Given the disparity between the rich variety of prebiotic molecules and the apparent paucity of biomolecules, is it possible that we're fooling ourselves? Might the earliest life-forms have used a more diverse suite of organic molecules and a different repertoire of biochemical pathways? It turns out that living cells hold clues that are now being teased out by the remarkable field of molecular phylogeny.
MOLECULAR PHYLOGENY AND THE “LAST COMMON ANCESTOR”
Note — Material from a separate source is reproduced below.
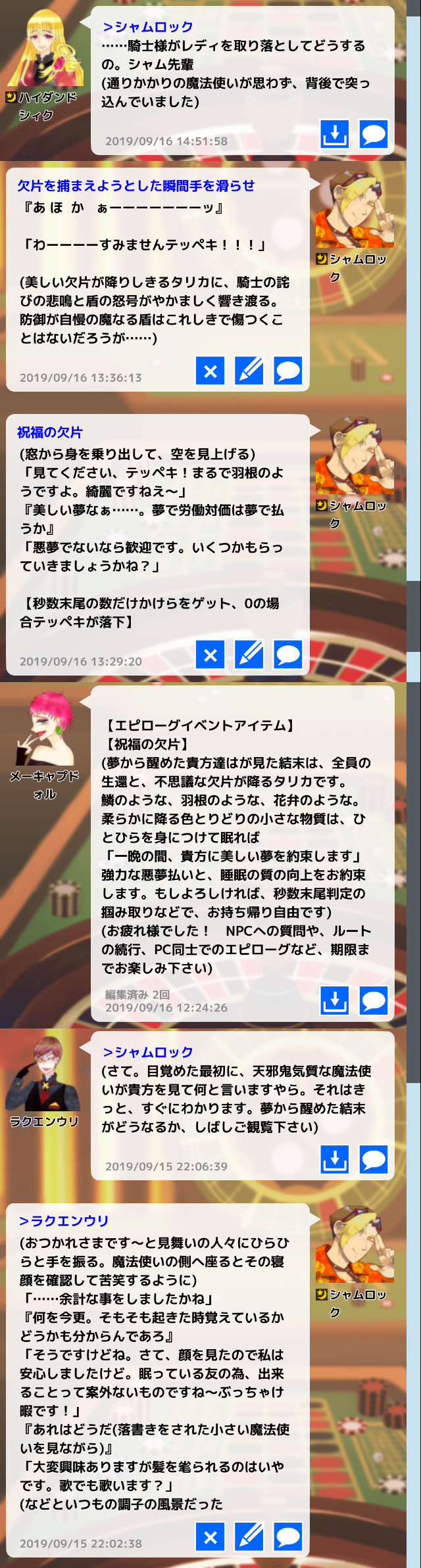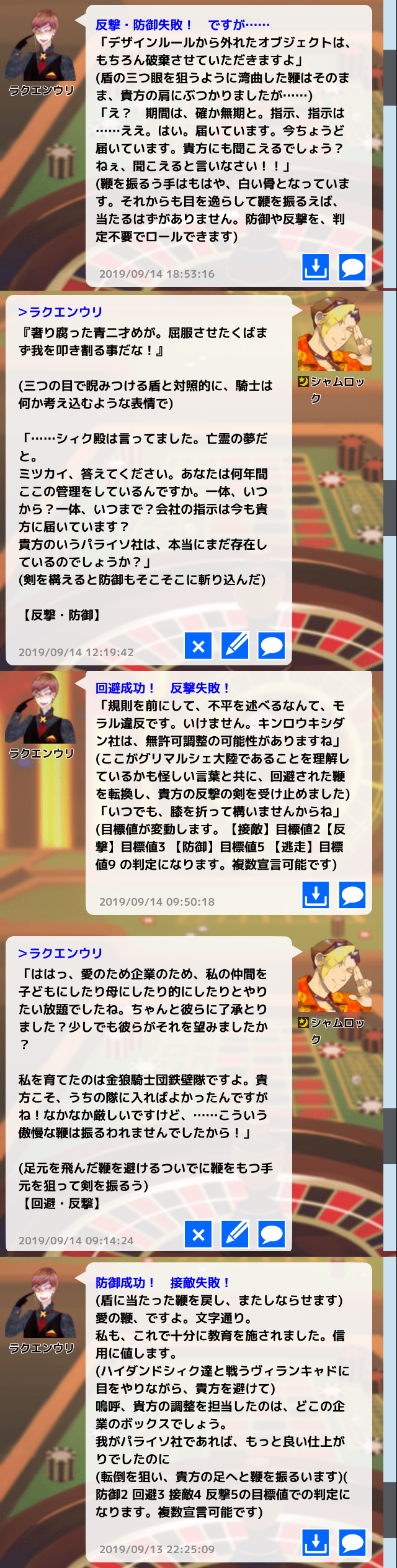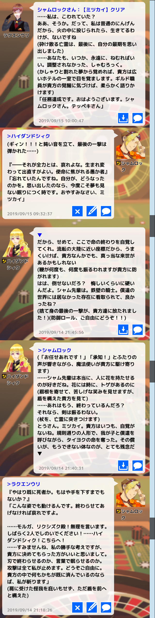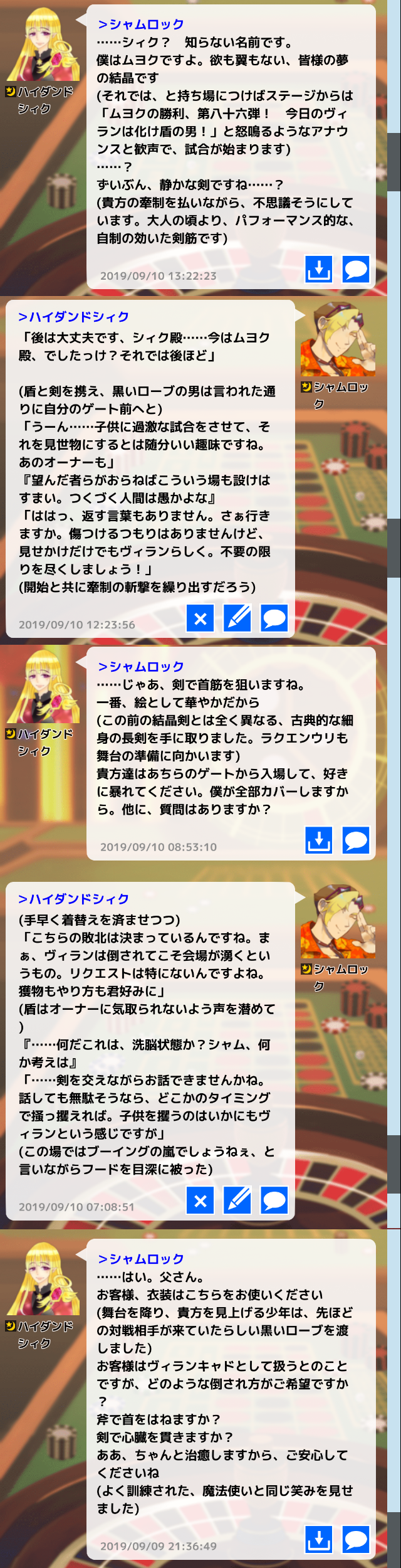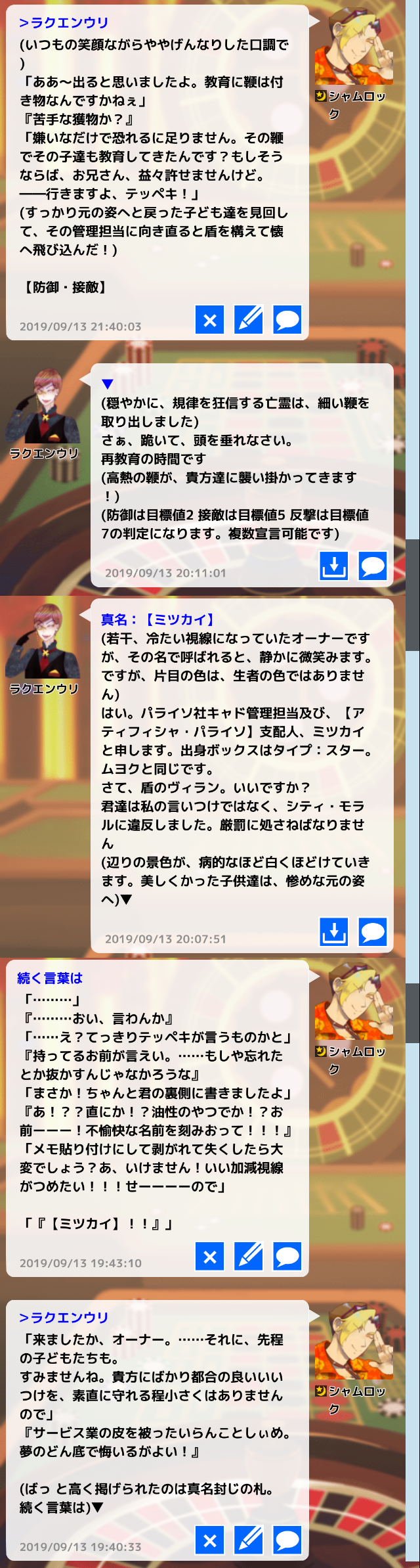 コメントへ といぼっくすさんちのイベント個室、「人造楽土と醒めぬ夢」に参加させていただきました。なんと参加者毎にルートとラスボスが違って一人一人に個室主がレスを返しながら進めていくという作業量がすげーやつなのだ……。おつかれさまでした……!おかげでログ取りとまとめも楽、ということでせっかくのシャムロックルートまとめさせていただきました。タンクらしい戦いをさせていただいて大感謝!ダンド先生との交流も深まってハッピー!(一方的に)親しくなると呼び名から敬称が消えたりします。 こちらボスバトルゲーム画面風になります。ちょうど面子も併せて四人だったので…!!後ろにヴィランキャドの子供たちもいるのよ!

The complete chemical arsenal of each living species is recorded in its unique genome, an encoded sequence of millions to billions of DNA “letters,” the base pairs that form the rungs of DNA's double helical ladder. The four-letter DNA alphabet—A, G, T, and C (for the purines adenine and guanine and the pyrimidines thymine and cytosine)—is sufficient to spell out all the genetic information of any organism. What's mor
e, all cells share the same mechanism for converting genetic instructions into the proteins that serve in many chemical and structural roles. That's why genetic engineers can use a simple bacterium, such as E. coli, to synthesize human growth hormone, or insulin, or other valuable pharmaceuticals.
A central assumption of molecular phylogeny is that the genomes we see today evolved over billions of years from earlier ancestral cells, via the gradual mutation of DNA sequences. Comparative examination of many genomes reveals marked similarities, as well as important differences that have inexorably arisen by this slow evolutionary process. Differences among DNA sequences suggest the evolutionary branching; the more dissimilar the sequences of two species, the longer ago they are likely to have split from a common ancestor. DNA sequences that show little variation among many diverse species (so-called highly conserved sequences) are more likely to represent ancient, essential biochemical traits.
The power and promise of phylogenetic analysis is epitomized in a remarkable recent study of early English literature. University of Cambridge biochemists Adrian Barbrook and Christopher Howe teamed with British literary scholars to analyze 58 different fifteenth-century manuscript copies of the Wife of Bath's Prologue from Geoffrey Chaucer's The Canterbury Tales. No copy of the late fourteenth-century original in Chaucer's hand is known, and significant variations among the many early hand-copied sources raise doubts regarding the author's original text.